**RECORDS FOR THE EXERCISE:**

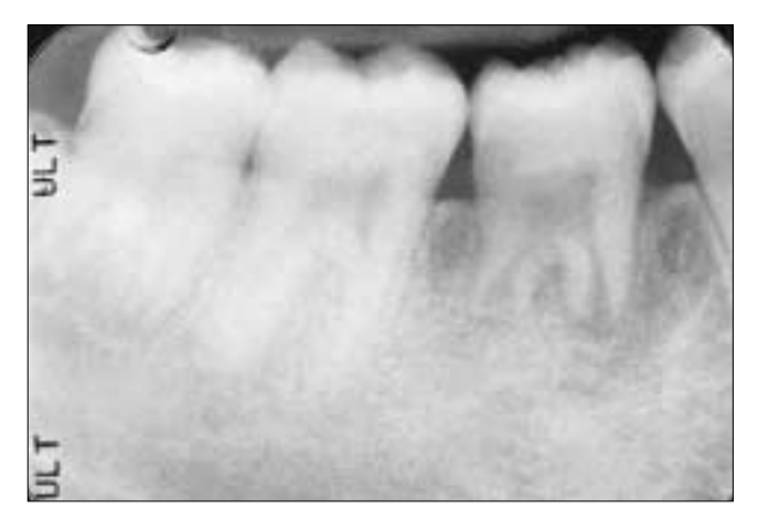
Figure 5: Six-month post-operative radiograph indicates patient has regained the supporting alveolar bone in the region of the tooth transplant and shows continued root development with the establishment of a periodontal ligament space.

hygiene. ^1 Patients may also be given perioperative and post-operative antibiotics. ^{1.4.6,14.17}
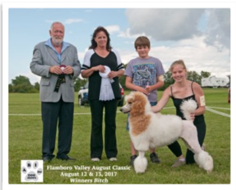
JAZZ - Dam

PUPS ANTICIPATED TO ARRIVE Approximately mid September 2018 Average Adult Size 40 - 50 pounds
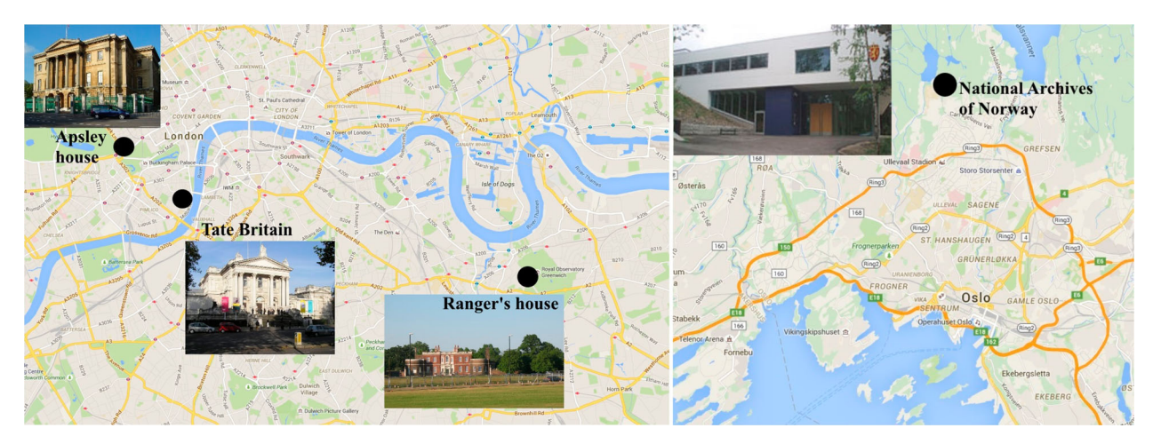
Figure 1 The measurement sites (photos: Google maps, Wikipedia).

given to the choice of materials being enclosed with, and around, artworks. The present concern is that internally generated pollution, which is not one of the major causes of deterioration in open storage, may be present in high concentrations in enclosed spaces and therefore should now be considered. Measurement of volatile organic acid concentrations is an important step in this study.
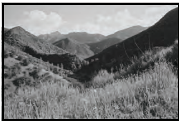
The San Rafael Wilderness, looking south towards the Lost Valley.
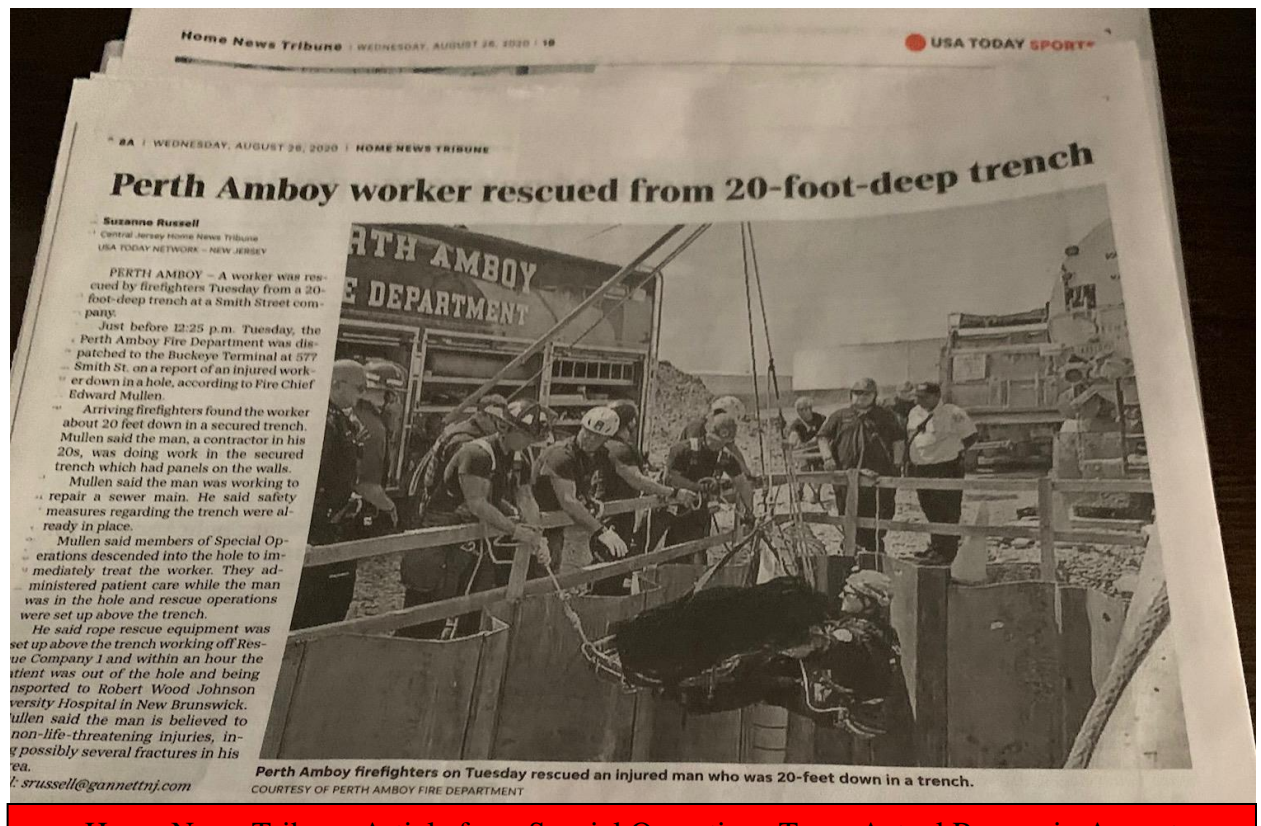
Home News Tribune Article from Special Operations Team Actual Rescue in August

The Special Operations Division continues to train monthly in the fields of water rescue, ice rescue, confined space rescue, high angle rope rescue, motor vehicle extrication, trench rescue, building collapse rescue and man vs machine type rescues. In 2020, training had to be reduced as the Covid 19 pandemic put restrictions on the amount of people that could gather at a time. The Team was still able to advance their training in all areas as the Department added Rescue Company 1 in service. Members of Special Operations Team staff Rescue 1 24/7, providing the team with all of their equipment in service on a frontline apparatus. Multiple rescues were made in 2020 utilizing the apparatus as a high anchor point, as it was designed to do, facilitating in the rescue of injured people. Not only with this protect the City of Perth Amboy, but it will be able to respond to all of the surrounding communities as the technical rescue unit. The Special Operations Team will also train all new hires in an 80 hour technical rescue class in 2021.

**ABOUT THIS TASK:**
Please give the entries again word for word, without any pictures.

**WRITTEN RESPONSE:**
Figure 5: Six-month post-operative radiograph indicates patient has regained the supporting alveolar bone in the region of the tooth transplant and shows continued root development with the establishment of a periodontal ligament space.

hygiene. ^1 Patients may also be given perioperative and post-operative antibiotics. ^{1.4.6,14.17}
JAZZ - Dam

PUPS ANTICIPATED TO ARRIVE Approximately mid September 2018 Average Adult Size 40 - 50 pounds
Figure 1 The measurement sites (photos: Google maps, Wikipedia).

given to the choice of materials being enclosed with, and around, artworks. The present concern is that internally generated pollution, which is not one of the major causes of deterioration in open storage, may be present in high concentrations in enclosed spaces and therefore should now be considered. Measurement of volatile organic acid concentrations is an important step in this study.
The San Rafael Wilderness, looking south towards the Lost Valley.
Home News Tribune Article from Special Operations Team Actual Rescue in August

The Special Operations Division continues to train monthly in the fields of water rescue, ice rescue, confined space rescue, high angle rope rescue, motor vehicle extrication, trench rescue, building collapse rescue and man vs machine type rescues. In 2020, training had to be reduced as the Covid 19 pandemic put restrictions on the amount of people that could gather at a time. The Team was still able to advance their training in all areas as the Department added Rescue Company 1 in service. Members of Special Operations Team staff Rescue 1 24/7, providing the team with all of their equipment in service on a frontline apparatus. Multiple rescues were made in 2020 utilizing the apparatus as a high anchor point, as it was designed to do, facilitating in the rescue of injured people. Not only with this protect the City of Perth Amboy, but it will be able to respond to all of the surrounding communities as the technical rescue unit. The Special Operations Team will also train all new hires in an 80 hour technical rescue class in 2021.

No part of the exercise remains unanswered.